Lamellar Keratoplasty

With advances in instrumentation and techniques, the selective removal of corneal tissue (lamellar keratoplasty [LK]) has become more popular. The general ophthalmologist should be familiar with the special indications for and limitations of the major techniques of LK, including SALK, DALK, DSEK, and DMEK (see Table 15-3). DSEK and DMEK are discussed separately later in this chapter.
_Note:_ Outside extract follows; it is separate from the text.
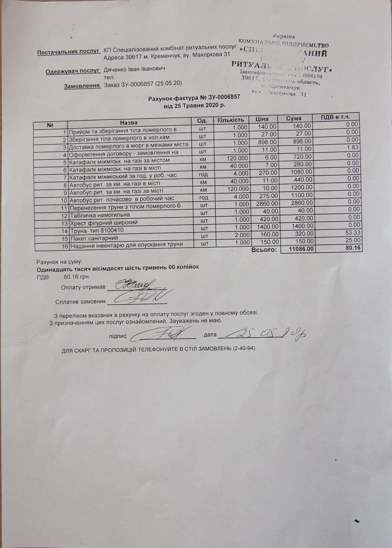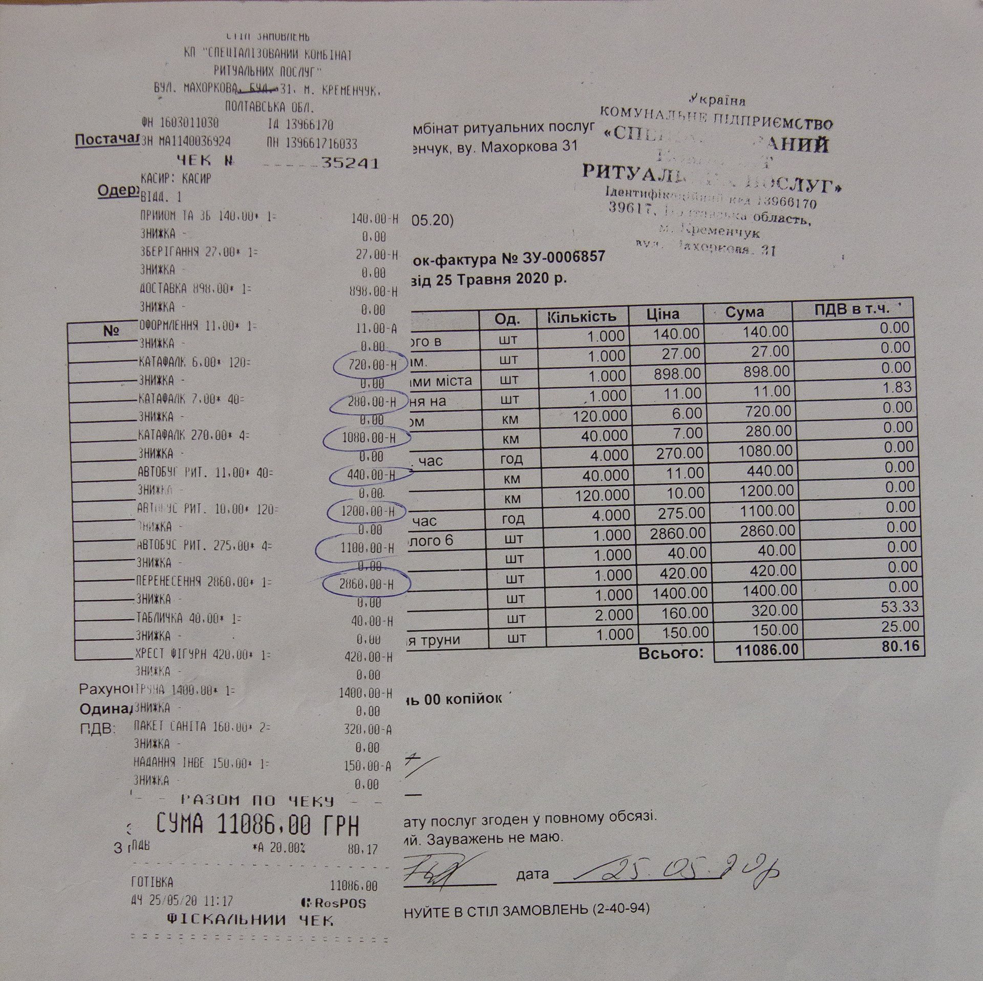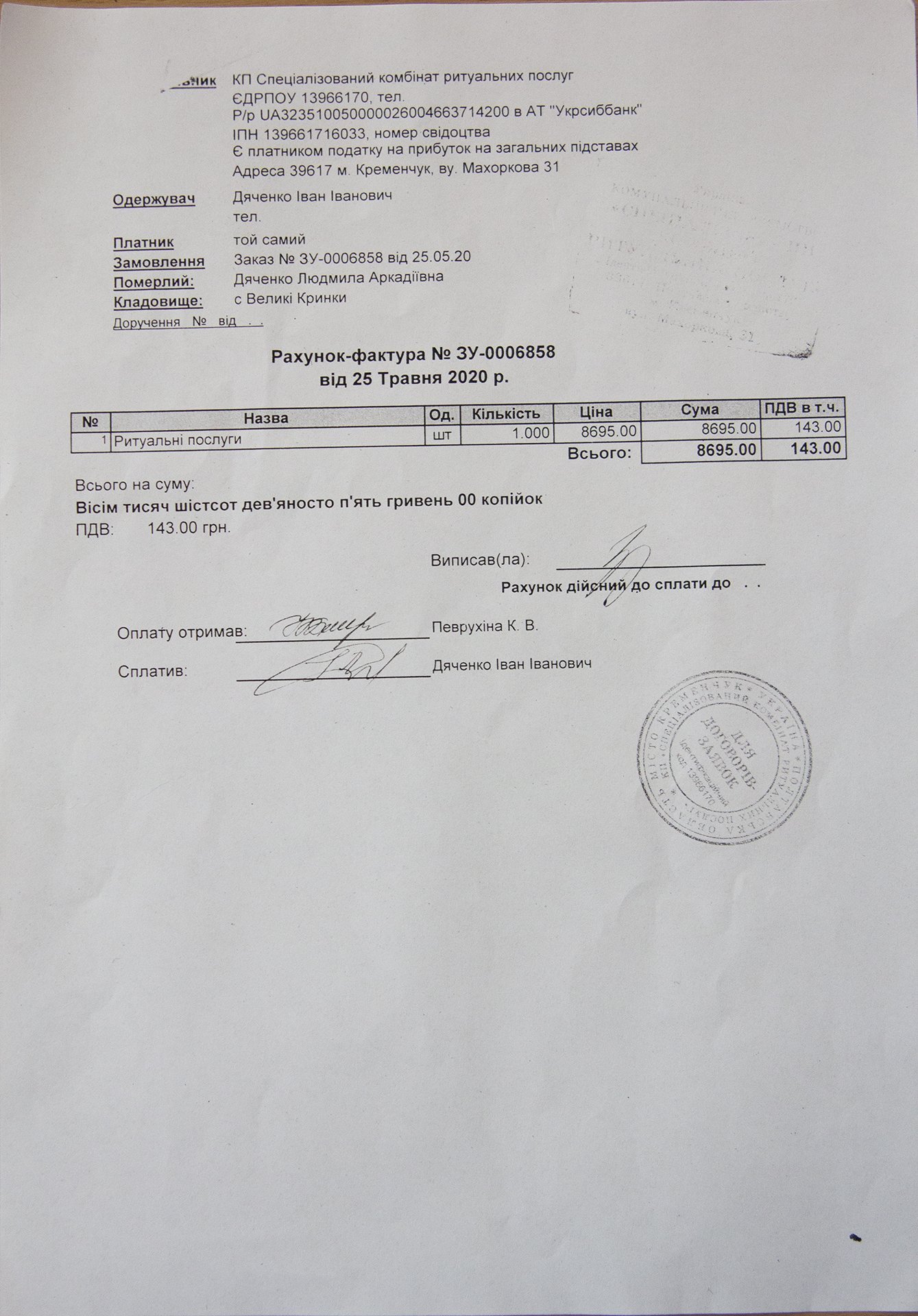 Второй счет-фактура выдан без расшифровки услуг, там лишь одна строка – «ритуальные услуги». И цена – 8695 гривен плюс налог.
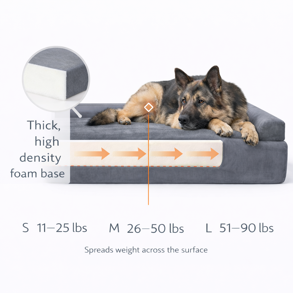 Thick, high density foam base helps protect joints from hard floor pressure for heavy dogs.

Anterior Lamellar Transplantation

Lamellar corneal grafting may be indicated in patients who present with opacities or loss of tissue that, for the most part, does not involve the full thickness of the cornea. These conditions include

superficial stromal dystrophies and degenerations (eg, Reis-Bücklers dystrophy, Salzmann nodular degeneration, band keratopathy)

superficial corneal scars

multiple recurrent pterygium with visually significant corneal scarring

corneal thinning (eg, Terrien marginal degeneration, descemetocele formation, pellucid marginal degeneration) (Fig 15-13)

superficial corneal tumors congenital lesions (eg, dermoid)

corneal perforations that are not amenable to resuturing or that occur in patients with ocular surface disease (eg, keratoconjunctivitis sicca)

keratoconus

selective infections, including Acanthamoeba keratitis

Figure 15-13 A, Descemetocele in a patient with rheumatoid arthritis. B, Same patient after lamellar keratoplasty.

Advantages

LK has the following advantages over PK:

minimal requirements for donor material (as preservation of endothelium is not mandatory) reduced risk of entry into the anterior chamber (avoids risks of glaucoma, cataract, retinal detachment, cystoid macular edema, expulsive hemorrhage, and endophthalmitis)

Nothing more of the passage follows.